*YOUR GOAL*: Transcribe the entries below word for word, beginning at the line with "4.8.3.2. Área de" and stopping after the line with "这个标题听起来像是某个媒体或"; drop all pictures.

---------- INFORMATION GIVEN

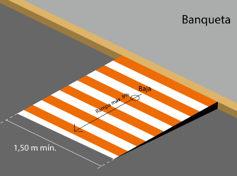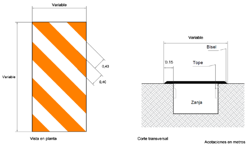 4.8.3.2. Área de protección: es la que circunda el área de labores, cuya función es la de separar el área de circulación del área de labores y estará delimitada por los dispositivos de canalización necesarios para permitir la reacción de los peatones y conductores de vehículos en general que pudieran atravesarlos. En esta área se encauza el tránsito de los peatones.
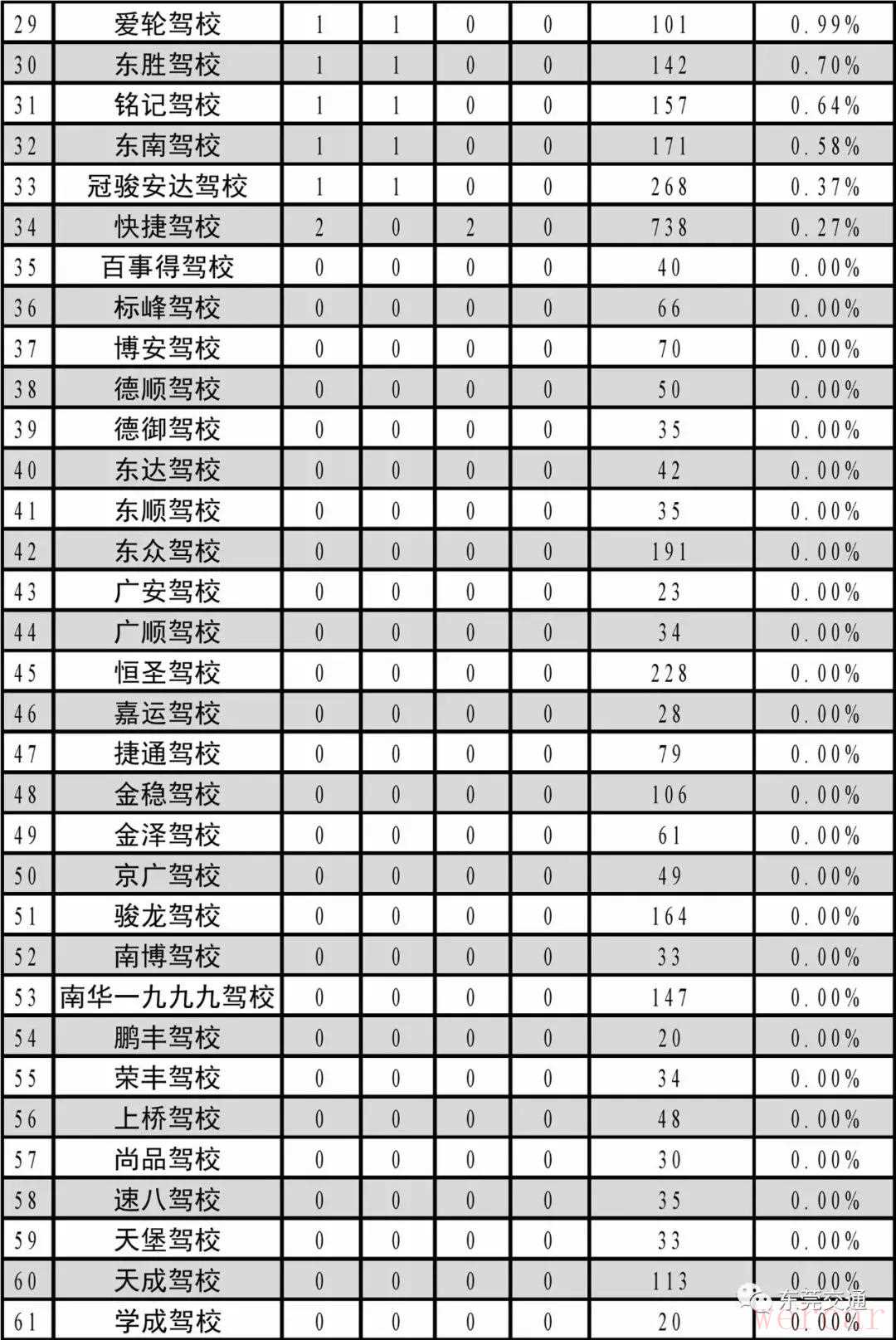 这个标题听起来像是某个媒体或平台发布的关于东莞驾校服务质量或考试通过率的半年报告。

--------------------
---------- INFORMATION GIVEN

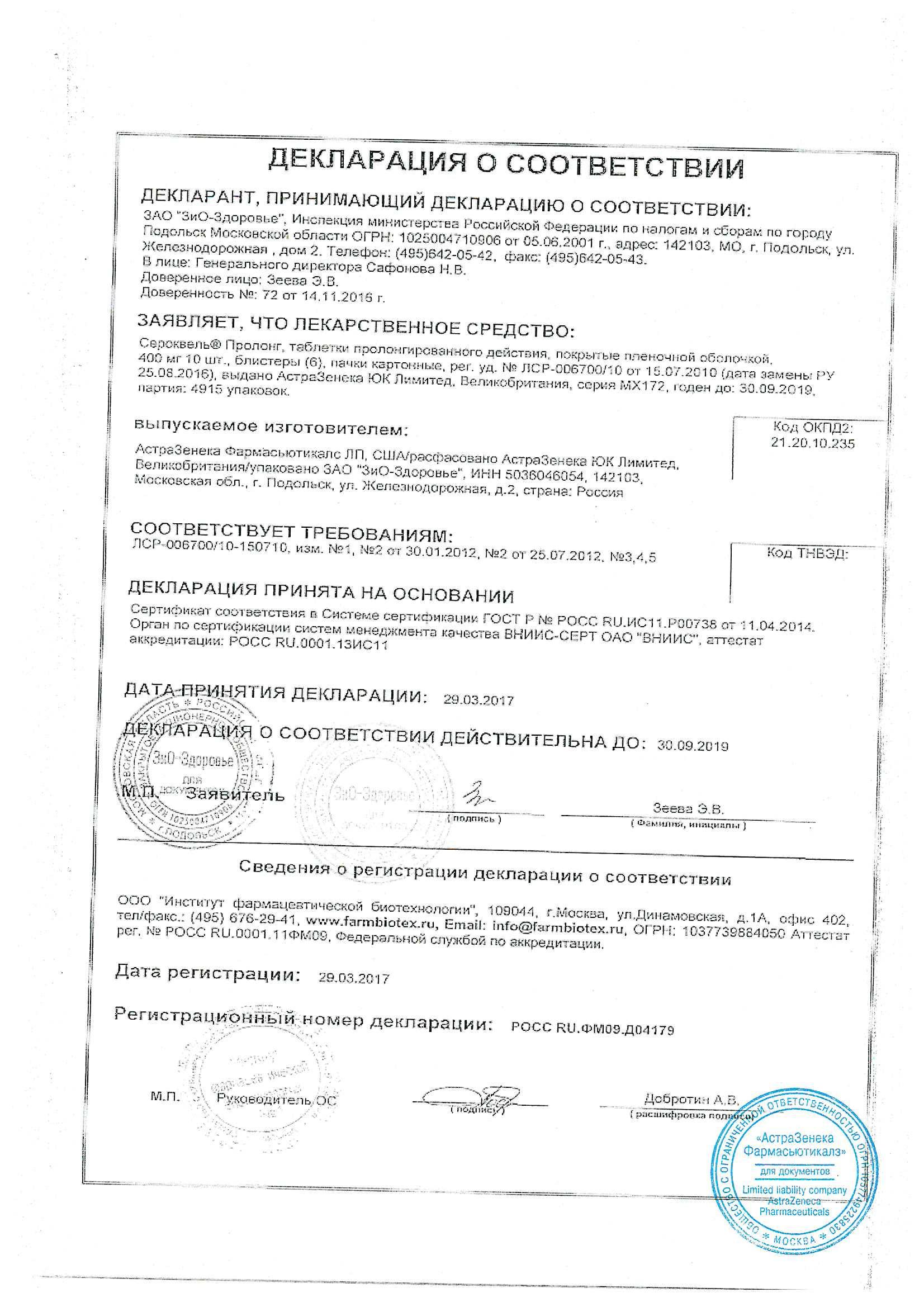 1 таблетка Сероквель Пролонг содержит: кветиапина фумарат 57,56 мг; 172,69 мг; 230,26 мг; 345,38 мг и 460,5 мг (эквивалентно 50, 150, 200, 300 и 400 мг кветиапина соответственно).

--------------------
---------- INFORMATION GIVEN

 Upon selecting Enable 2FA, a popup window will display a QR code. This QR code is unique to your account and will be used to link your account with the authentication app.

--------------------

*RESPONSE TO THE EXERCISE*:
 4.8.3.2. Área de protección: es la que circunda el área de labores, cuya función es la de separar el área de circulación del área de labores y estará delimitada por los dispositivos de canalización necesarios para permitir la reacción de los peatones y conductores de vehículos en general que pudieran atravesarlos. En esta área se encauza el tránsito de los peatones.
 这个标题听起来像是某个媒体或平台发布的关于东莞驾校服务质量或考试通过率的半年报告。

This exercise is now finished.